Collaboration with OPKO Health, Inc. (OPKO)
On December 13, 2014, we entered into a collaborative agreement with OPKO to develop and commercialize OPKO’s long-acting human growth hormone (hGH-CTP) for the treatment of growth hormone deficiency (GHD) in adults and children, as well as for the treatment of growth failure in children born small for gestational age (SGA) who fail to show catch-up growth by two years of age. hGH-CTP has the potential to reduce the required dosing frequency of human growth hormone to a single weekly injection from the current standard of one injection per day. The transaction closed on January 28, 2015, upon termination of the waiting period under the Hart-Scott Rodino Act. In February 2015, we made an upfront payment of $295 million to OPKO, which was recorded in Research and development expenses, and OPKO is eligible to receive up to an additional $275 million upon the achievement of certain regulatory milestones. We have received the exclusive license to commercialize hGH-CTP worldwide. Subject to regulatory approval, OPKO is eligible to receive royalty payments associated with the commercialization of hGH-CTP for Adult GHD. Upon the launch of hGH-CTP for Pediatric GHD, the royalties will transition to tiered gross profit sharing for both hGH-CTP and our product, Genotropin.
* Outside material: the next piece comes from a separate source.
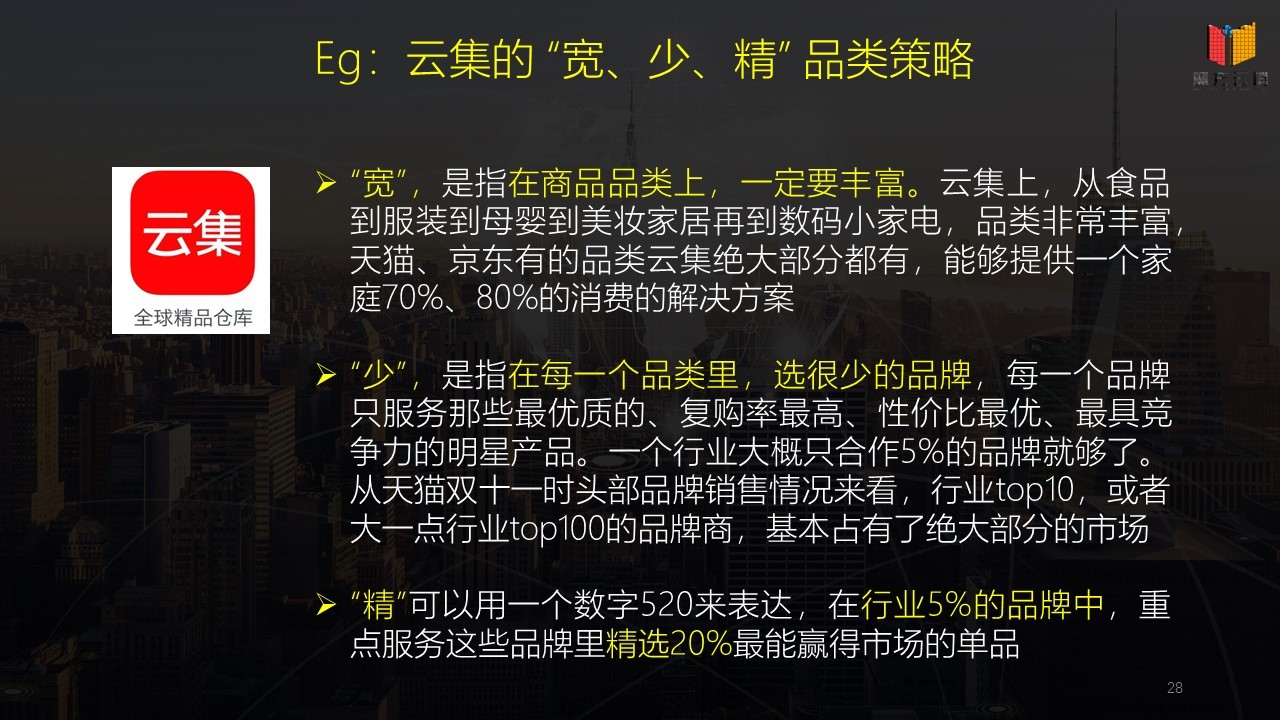 難點(diǎn)就是你如何找到每個商品的爆品,這是一個非常困難的事情。給大家提供一個云集的思路,云集的一個思路是他是寬、少、精,商品品類上面一定要豐富,否則你的人群還是會比較窄。這個就需要考驗(yàn)各位選品團(tuán)隊(duì)的能力。

OPKO will lead the clinical activities and will be responsible for funding the development programs for the key indications, which includes Adult and Pediatric GHD and Pediatric SGA. We will be responsible for all development costs for additional indications, as well as all postmarketing studies and the commercialization activities for all indications, and lead the manufacturing activities covered by the global development plan.

C. Equity-Method Investment

Investment in ViiV Healthcare Limited (ViiV)
Our minority ownership interest in ViiV, a company formed in 2009 by Pfizer and GlaxoSmithKline plc (GSK) to focus solely on research, development and commercialization of human immunodeficiency virus (HIV) medicines, was impacted by the January 21, 2014 European Commission approval of Tivicay (dolutegravir), a product for the treatment of HIV-1 infection, developed by ViiV. This approval triggered a reduction in our equity interest in ViiV from 12.6% to 11.7%, effective April 1, 2014. As a result, in the first quarter of 2014, we recognized a loss of approximately $36 million in Other (income)/deductions––net.